Alongside the data, the consortium released a benchmark suite. The paper groups the challenges into four families: fine-grained activity understanding (keystep recognition), proficiency estimation, ego-exo relation (also called correspondence), and ego pose estimation [1][3].
| Benchmark family | Goal |
|---|---|
| Keystep recognition | Recognize and segment the fine-grained procedural steps of an activity, in both ego and exo video |
| Proficiency estimation | Infer how skillfully a person is performing, from per-step feedback to an overall demonstration score |
| Ego-exo relation | Relate or align content across the two viewpoints, including correspondence and translation between ego and exo views |
| Ego pose | Recover 3D body and hand pose of the skilled movement from monocular egocentric video |
These tasks share the premise that a model must reason jointly about the two viewpoints. For example, the relation benchmark asks a system to connect a teacher's demonstration seen from the outside (exo) with a learner's own first-person view (ego), a setup the authors motivate by analogy to how people learn skills by watching others and then attempting the action themselves [3][4].
Ego-Exo4D builds directly on the Ego4D effort and reuses much of its consortium structure and tooling, while differing in three main ways: it pairs every egocentric recording with synchronized exocentric video rather than capturing first-person footage alone; it restricts the activities to skilled, evaluable domains rather than open-ended daily life; and it expands the sensor and annotation stack, most visibly with the expert-commentary language track and the proficiency benchmark. Both datasets were led by Kristen Grauman of the University of Texas at Austin and FAIR, with senior contributors including Lorenzo Torresani, Kris Kitani, Jitendra Malik, and Triantafyllos Afouras [1][3][4].
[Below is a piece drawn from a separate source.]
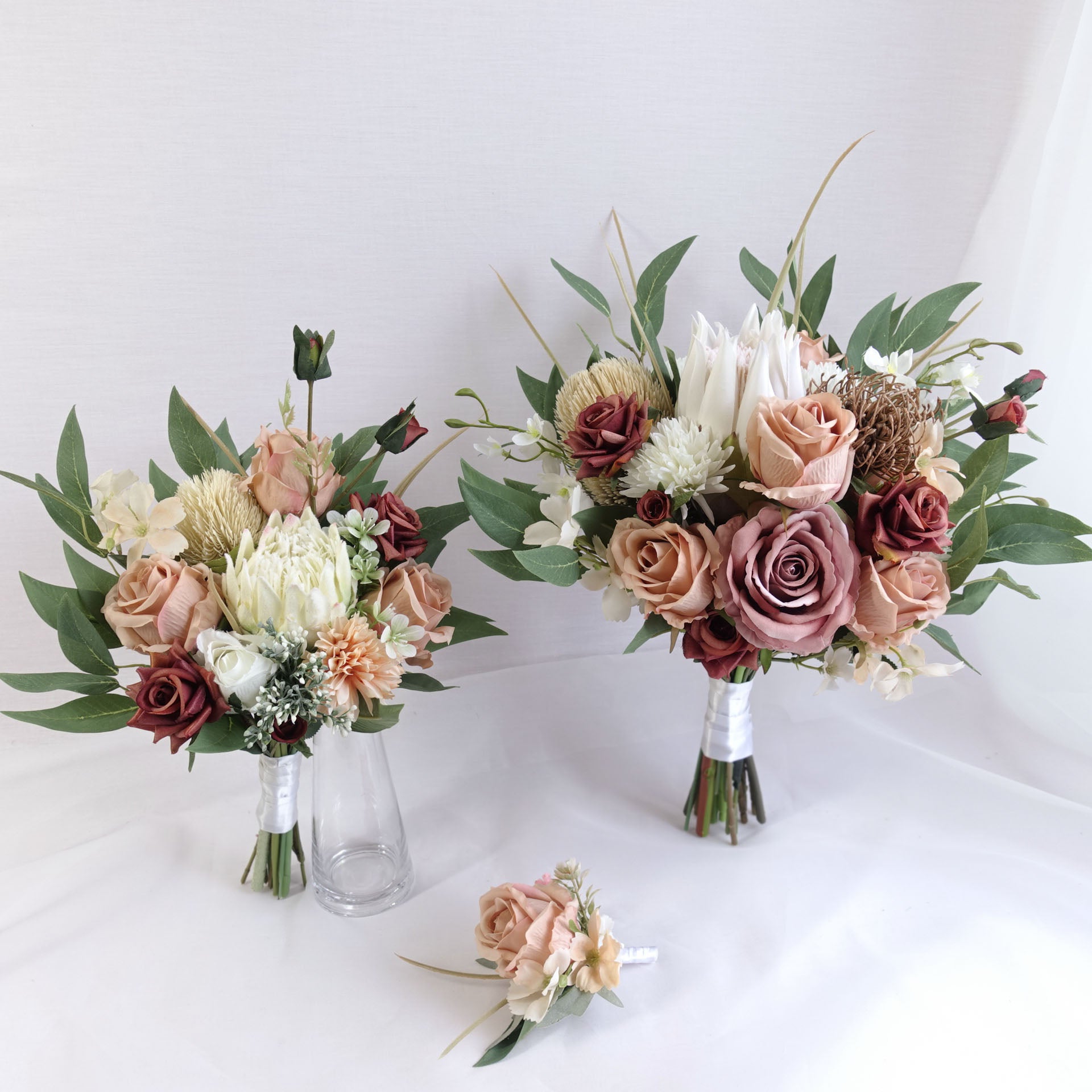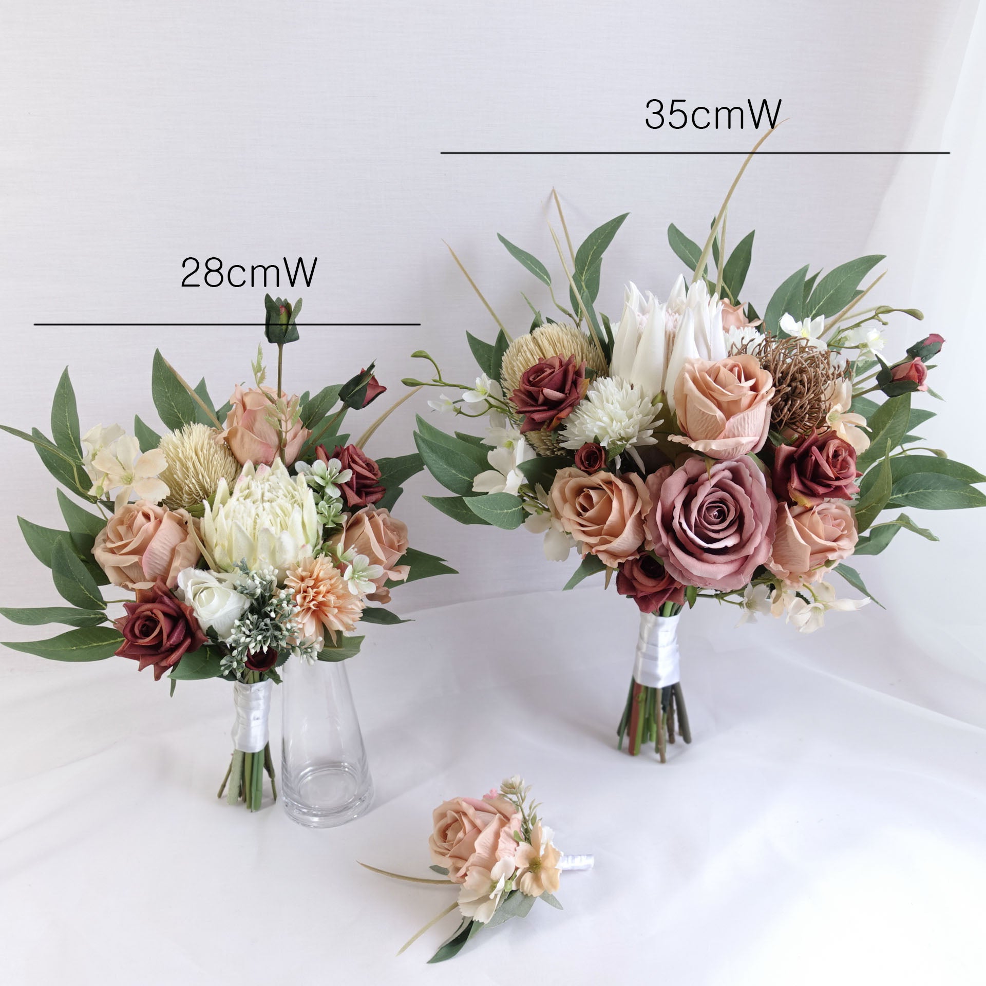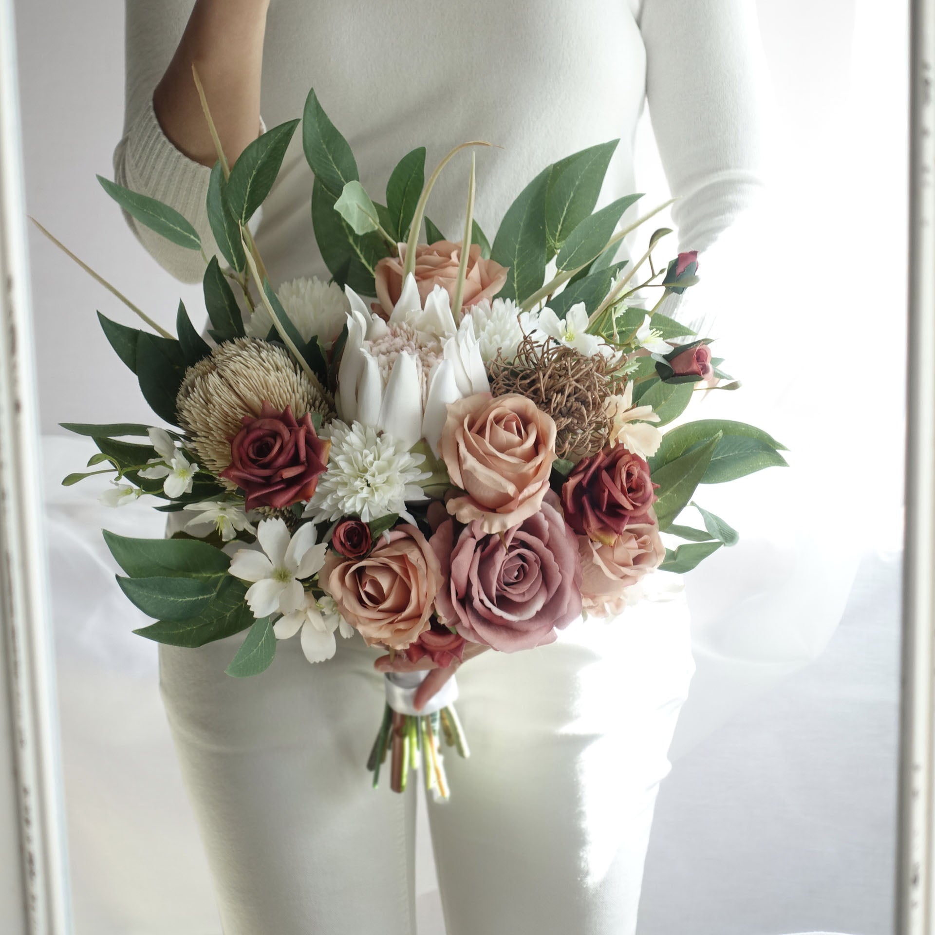 - Product & Type: Artificial Wedding Bouquet / Mauve Brown Cream Protea Rose Bouquet
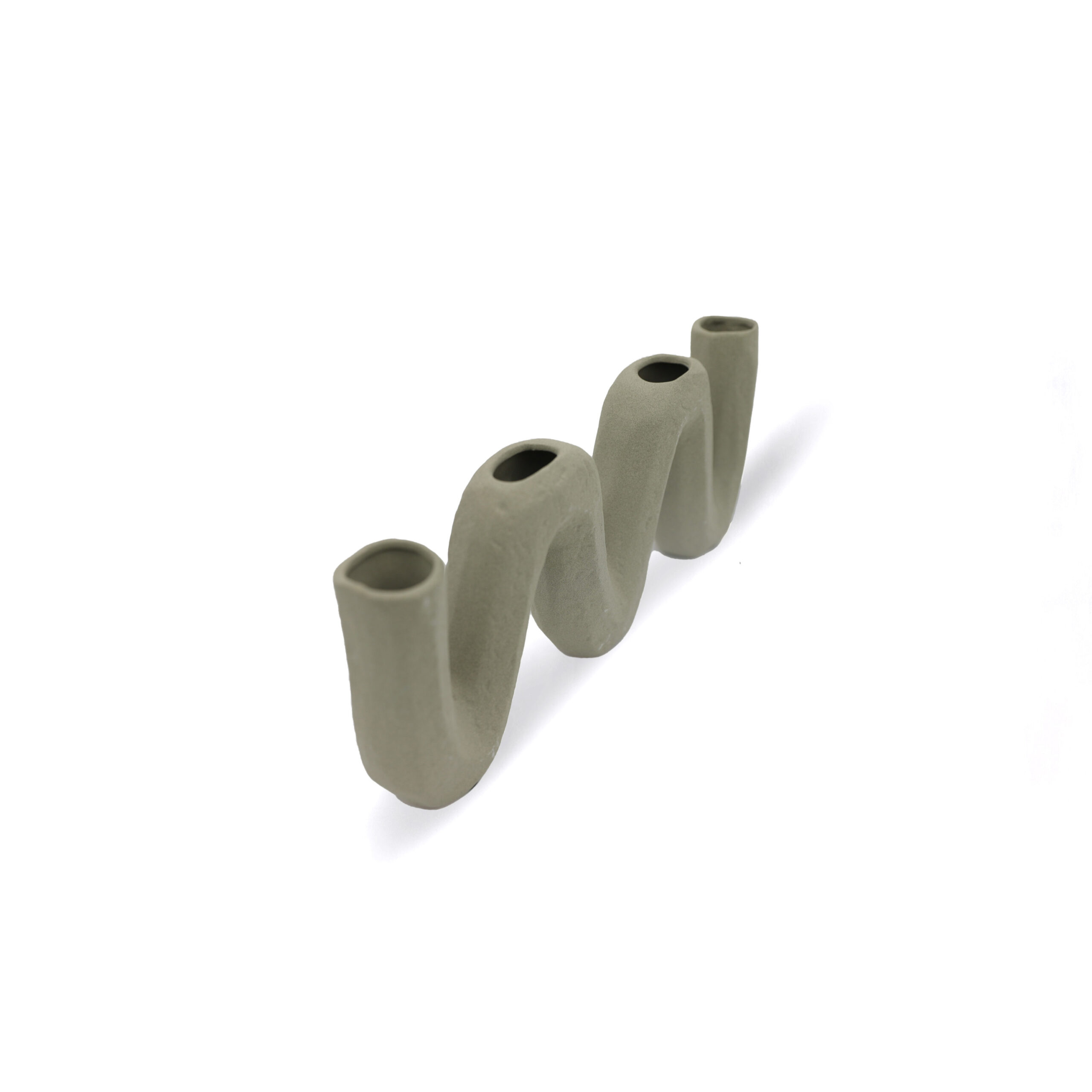 A continuous wavy form defines this ceramic candle holder, featuring a matte textured finish and multiple openings that create a playful, modern sculptural appeal.

The two-year collection effort involved 15 research institutions in addition to Meta. Named partners include Carnegie Mellon University, Georgia Tech, the International Institute of Information Technology, Hyderabad, Indiana University, the National University of Singapore, Simon Fraser University, the University of the Andes (Universidad de los Andes), the University of Minnesota, the University of North Carolina at Chapel Hill, the University of Pennsylvania, and the University of Tokyo, among others. Recording sites spanned several countries and multiple U.S. states [2][3].
The dataset, annotations, pre-extracted features, documentation, and benchmark code are openly released through the official site and the Ego4D download tooling, subject to a data-use license agreement. Egocentric capture relies on Project Aria, Meta's research glasses platform that provides synchronized multi-sensor recording and machine-perception services such as gaze and 6-DoF localization [2][5][6].